# pytorch-A3C

**Repository Path**: nidao/pytorch-A3C

## Basic Information

- **Project Name**: pytorch-A3C
- **Description**: Simple A3C implementation with pytorch + multiprocessing
- **Primary Language**: Python
- **License**: MIT
- **Default Branch**: master
- **Homepage**: None
- **GVP Project**: No

## Statistics

- **Stars**: 0
- **Forks**: 0
- **Created**: 2019-07-02
- **Last Updated**: 2020-12-18

## Categories & Tags

**Categories**: Uncategorized

**Tags**: None

## README

# Simple implementation of Reinforcement Learning (A3C) using Pytorch

This is a toy example of using multiprocessing in Python to asynchronously train a
neural network to play discrete action [CartPole](https://gym.openai.com/envs/CartPole-v0/) and
continuous action [Pendulum](https://gym.openai.com/envs/Pendulum-v0/) games.
The asynchronous algorithm I used is called [Asynchronous Advantage Actor-Critic](https://arxiv.org/pdf/1602.01783.pdf) or A3C.

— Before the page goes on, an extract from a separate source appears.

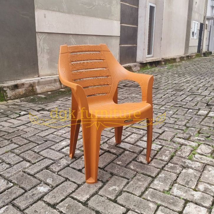 PROMO Kursi Bangku Santai Sandar Sender Sandaran Bertangan Warung Kantin Teras Cafe Kafe Motif Kayu Plastik Napolly ORI

I believe it would be the simplest toy implementation you can find at the moment (2018-01).

## What are the main focuses in this implementation?

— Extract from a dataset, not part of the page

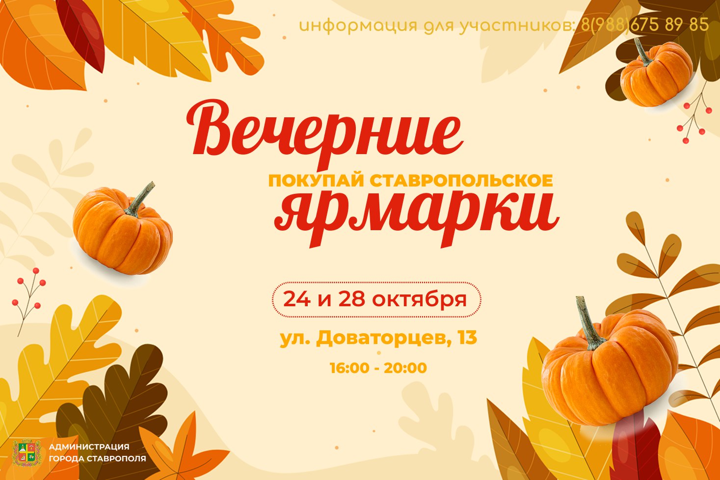 Стать частью ярмарок выходного дня предприниматели могут, позвонив в АНО «Ставропольские ярмарки» 8 (988) 675 89 85.

* Pytorch + multiprocessing (NOT threading) for parallel training
* Both discrete and continuous action environments
* To be simple and easy to dig into the code (less than 200 lines)

## Reason of using [Pytorch](http://pytorch.org/) instead of [Tensorflow](https://www.tensorflow.org/)

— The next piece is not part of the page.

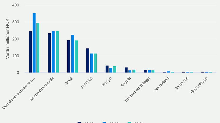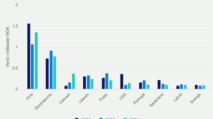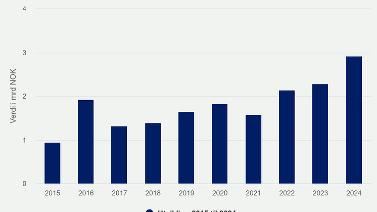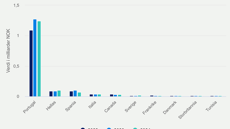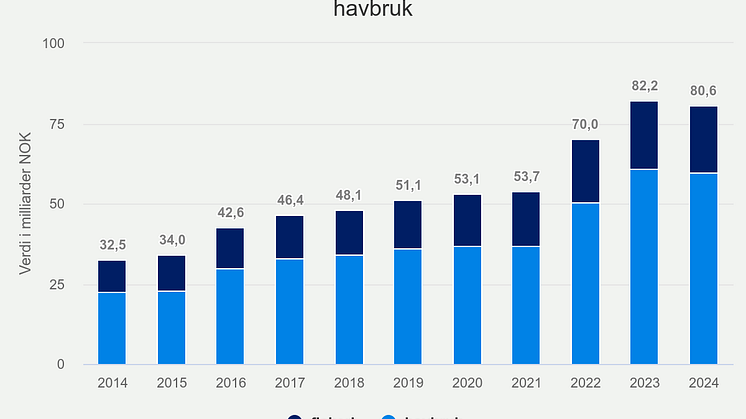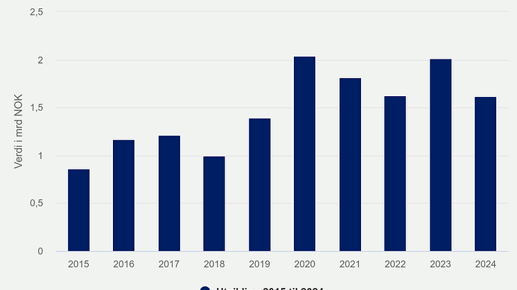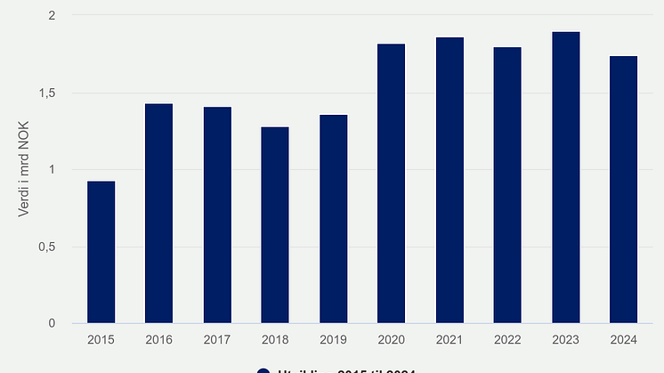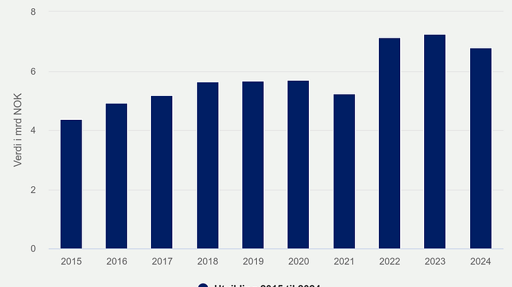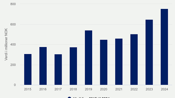Til sammenligning var eksporten i 2023 på 27 000 tonn, til en verdi av 455 millioner kroner.

Both of them are great for building your customized neural network. But to work
with multiprocessing, Tensorflow is not that great due to its low compatibility with multiprocessing.
I have an implementation of [Tensorflow A3C build on threading](https://github.com/MorvanZhou/Reinforcement-learning-with-tensorflow/tree/master/contents/10_A3C).
I even tried to implement [distributed Tensorflow](https://github.com/MorvanZhou/Reinforcement-learning-with-tensorflow/blob/master/contents/10_A3C/A3C_distributed_tf.py).
However, the distributed version is for cluster computing which I don't have.
When using only one machine, it is slower than threading version I wrote.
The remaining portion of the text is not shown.